Americans tend to have a romantic view of democracy as government of the people, by the people, and for the people. They imagine that democracy is identical to freedom and self-government. They forget that democracy is primarily rule of the majority. They forget that the majority can be hoodwinked by the propaganda of demagogues, oligarchs, and theocrats to relinquish its interests and liberties.
It is time to consider a more prosaic understanding of democracy that is associated with the so-called “democratic revisionists” or “elite theorists.” As Roberto Michels maintained in his Political Parties, no society can escape the “iron law of oligarchy.” All governments involve the rule of elites—and democracy is no exception. As Joseph Schumpeter asserted in Capitalism, Socialism, and Democracy, democracy needs to be redefined as the rule of elites competing for power. It is not necessary that these elites represent alternative ideologies. It suffices that they provide elite competition that would undermine corruption. If a society is liberal as well as democratic, its elites will be established on the basis of merit—not heredity.

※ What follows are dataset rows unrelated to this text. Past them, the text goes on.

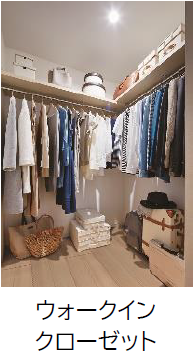 標準仕様:大容量の「ウォークインクローゼット」や各居室の「クローゼット」、ベビーカーや防災用品も十分に収納できる「シューズクローク」を備えています。(プランにより異なります)
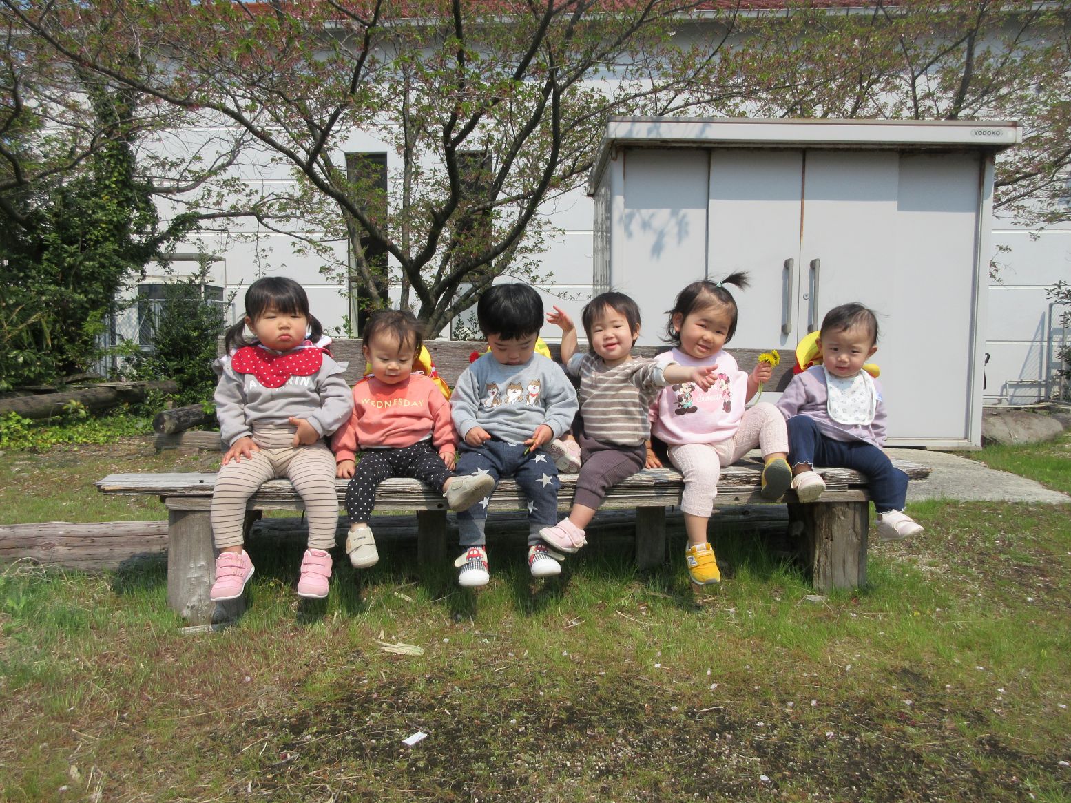 朝は少しドキドキしながら登所しましたが、友達や保育者を見つけると、いつもの笑顔に戻りました。各クラスの遊びの様子を写真でご覧ください。にじ組は、マリン保育所の4・5歳児の友達と一緒に“レッツミュージック”にも参加し、音楽遊びをたくさん楽しみました。
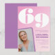 Invitaciones de cumpleaños 69 Pink Retro Foto gradiente simple
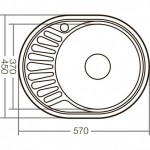 - Dimensiunile chiuvetei sunt 570×450×160 mm, iar adâncimea cuvei de 160 mm permite spălarea ușoară atât a vaselor, cât și a oalelor voluminoase.
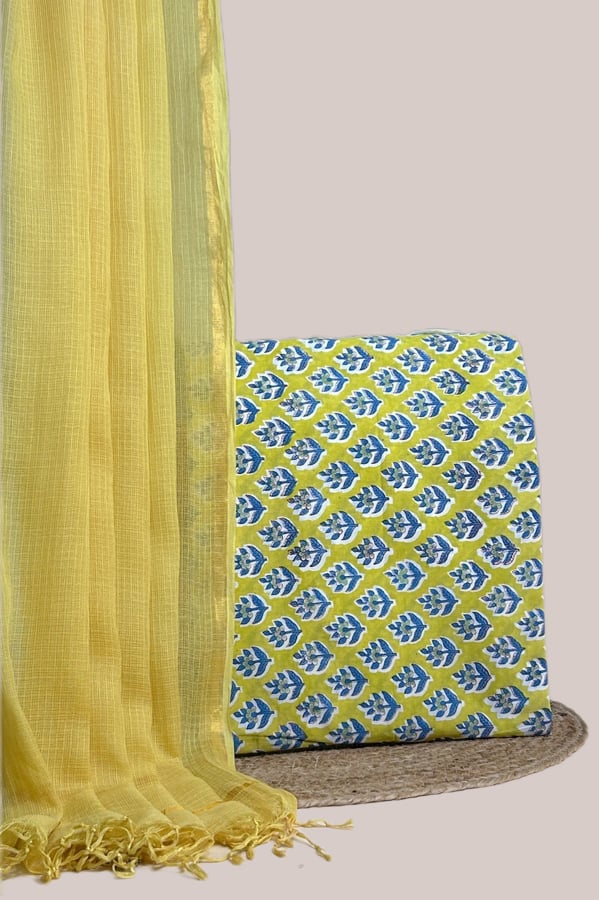 2.5mtr Each – Kota Doria Dupatta with HandBlock Printed Pure Soft Cotton Top Fabric Set

This realistic view of democracy is to be distinguished from the folksy view where the people choose representatives who proceed to carry out their will. In truth, there is no such thing as “the will of the people.” The people have conflicting and often incompatible wills. It follows that the people cannot rule. So, is democracy a fiction? No. Democracy—like any other form of government—is as good as its leading figures. Even the legendary democracy of Athens depended for its success on the leadership of Pericles. After his death, inferior leaders came to power. The democracy deteriorated; Athens lost the war with Sparta and descended into a reign of terror orchestrated by oligarchic extremists who were students of Socrates. It recovered only after a civil war and the rise of new and more honorable elites.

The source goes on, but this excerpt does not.